In attesa di abbandonare Khajuraho, con il treno per Delhi delle 18:20, qui piove, piove, piove, piove. Siamo arrivati ieri mattina verso le 6. Ci siamo sistemati in albergo. Abbiamo fatto colazione, e alle 8 eravamo gia’ a vedere i templi induisti piu’ belli del mondo. Cosi’ vengono presentati, e bisogna dire che la presentazione, eccessiva come tutte le presentazioni, non e’ pero’ molto lontana dal vero.
Effettivamente questi templi sono i piu’ belli che io abbia visto, persino piu’ belli di quelli straordinari del Tamil Nadu. La differenza e’ che la’ ce ne sono tanti, mentre qui nel nord ci sono solo questi. Il resto l’hanno distrutto gli invasori islamici intorno al XII secolo. Questi si sono salvati perche’ stanno fuori dal mondo, all’epoca in mezzo alla jungla, nella quale sono poi rimasti dimenticati sino al 1830, quando qualcuno del luogo ci ha portato un archeologo inglese.
Bellissimi come architetture, straordinarie le sculture. In tutto questo, le troppo celebrate sculture erotiche sono solo la ciliegina su una torta gia’ ricchissima.
Ci abbiamo passato sei ore, e io ci sarei rimasto ancora. Ma morivamo di fame. E poi, mangiando, ha iniziato a piovere, e non ha ancora smesso.
All’inizio ci siamo dimostrati impavidi: mantella impermeabile, e via. Tanto qui la pioggia raramente dura piu’ di mezz’ora.
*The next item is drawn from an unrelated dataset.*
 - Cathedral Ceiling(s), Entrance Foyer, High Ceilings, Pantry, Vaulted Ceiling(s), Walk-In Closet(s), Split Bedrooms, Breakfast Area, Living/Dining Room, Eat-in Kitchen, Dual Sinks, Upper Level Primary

Abbiamo incontrato dei ragazzini, uno dei quali, incredibilmente, parlava un buon italiano; e questo ci ha proposto di visitare il villaggio vecchio, appena piu’ in la’.
Di mezz’ora in mezz’ora la pioggia non solo non smetteva, ma diventava sempre piu’ fitta. Le nostre mantelline si dimostravano molto buone, pero’ alla lunga, iniziavano anche loro a toccare i loro limiti.
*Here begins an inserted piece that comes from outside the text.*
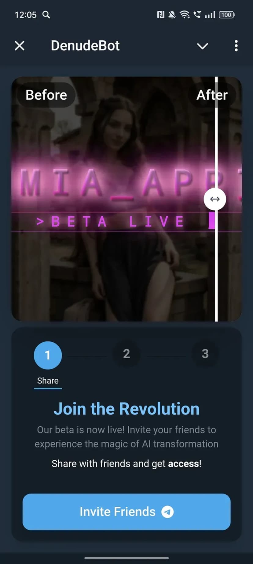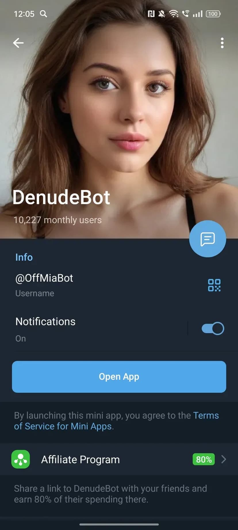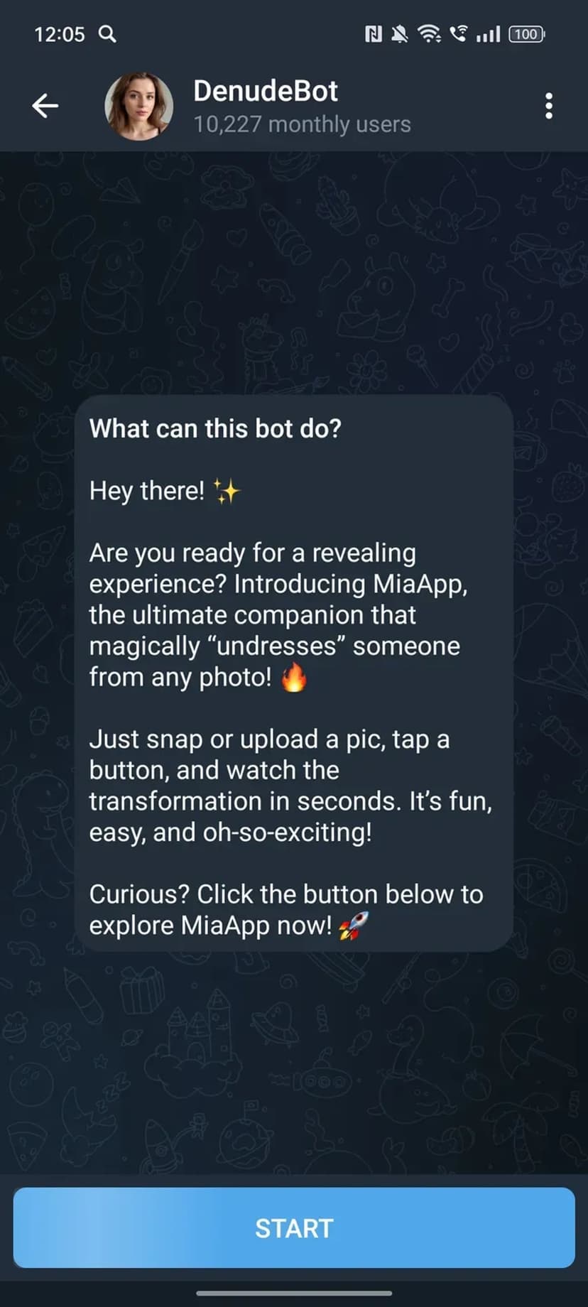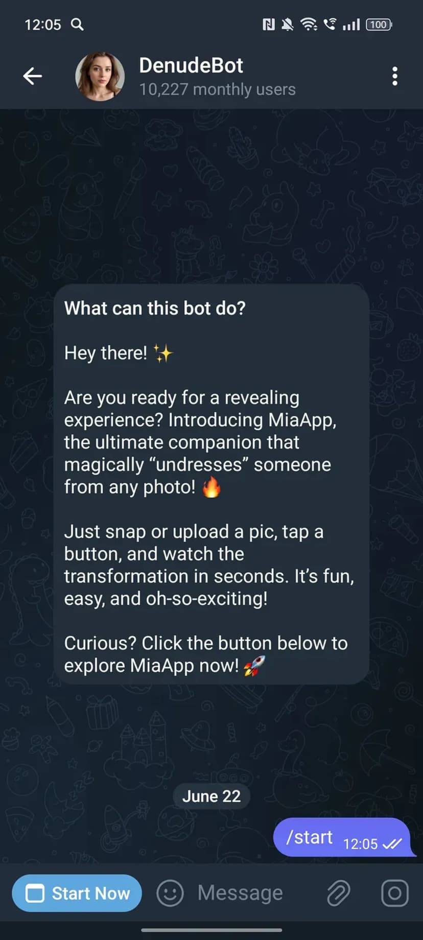 DenudeBot — чат-бот в Telegram, применяющий искусственный интеллект для преобразования загруженных фотографий с эффектом «раздевания» людей на изображениях.

Il ragazzino ci ha mostrato il quartiere degli intoccabili e il loro tempio (in campagna le caste sono ancora ben vive!), e poi quello dei commercianti, e poi le case piu’ ricche dei “guerrieri”, e infine quelle dei bramini. Il paese e’ diviso in aree, di vivibilita’ ben differente.
E ci ha portato alla scuola, un piccolo capolavoro di volontariato civile, autofinanziata (anche grazie ai turisti come noi portati li’ da ragazzini come lui), dove si vedevano diverse classi fitte fitte di ragazzi di varie eta’. Non che non esista anche la scuola pubblica, ma la scuola pubblica non ti da’ gli strumenti materiali (quaderni, penne, libri) e molti non hanno i soldi per comperarseli da se’. Per questo preferiscono la scuola dei volontari, dove queste cose ci sono. Li’, ci spiegava orgoglioso ill direttore, non ci sono differenze di casta o di religione o di ceto sociale.
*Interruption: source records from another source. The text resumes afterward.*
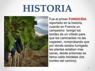 El caldo bórdeles, un fungicida histórico, se utiliza para prevenir y controlar enfermedades fúngicas en cultivos al evitar el desarrollo de hongos. Se prepara mezclando sulfato de cobre, hidróxido de calcio y agua, y debe aplicarse inmediatamente tras su preparación, evitando mezclas con otros productos. Es económico, fácil de aplicar y eficaz, aunque no tiene acción curativa y requiere de cuidado al momento de la aplicación.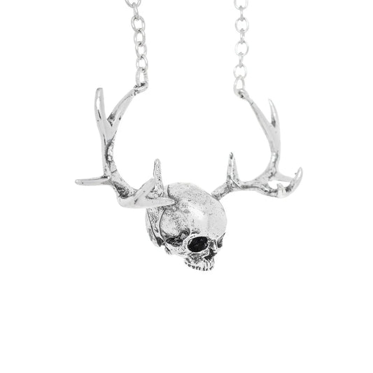The Stag Silver Skull Antlers Pendant And Necklace - Karsyn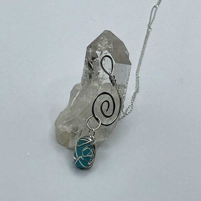 Be the first to review “Aqua Sea glass necklace wire wrap swirl” Cancel reply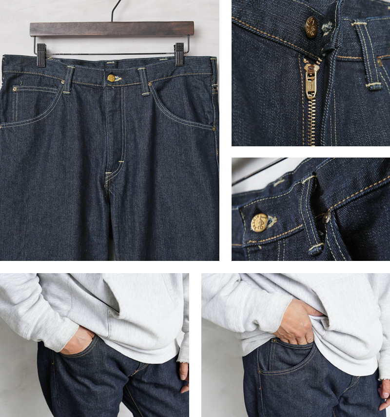 ゆとりのある腰回りから膝、そして裾へと一気にシェイプを利かせたテーパードシルエットで、30インチからはベルトループを5本から7本にする事でウエストのホールド感をアップさせています。

E poi, via. Sotto il diluvio di nuovo, catinelle e catinelle, evitando le docce che scendevano dai tetti. Alla fine abbiamo dato qualche soldo anche al ragazzino e siamo tornati, fradici.
Ieri sera, mio figlio aveva un attacco di dissenteria di quelli da India. Stamattina (dopo anche le notte passata ad assisterlo) mi sono alzato col mal di schiena. E piove. E non abbiamo voglia di uscire da qui sotto l’acqua. Tra poco arriva il riscio’ che ci porta in stazione.
Peccato per il posto con i templi induisti piu’ belli del mondo. Non avevo ancora visto tanta acqua in India, specie da un monsone che virtualmente e’ gia’ finito.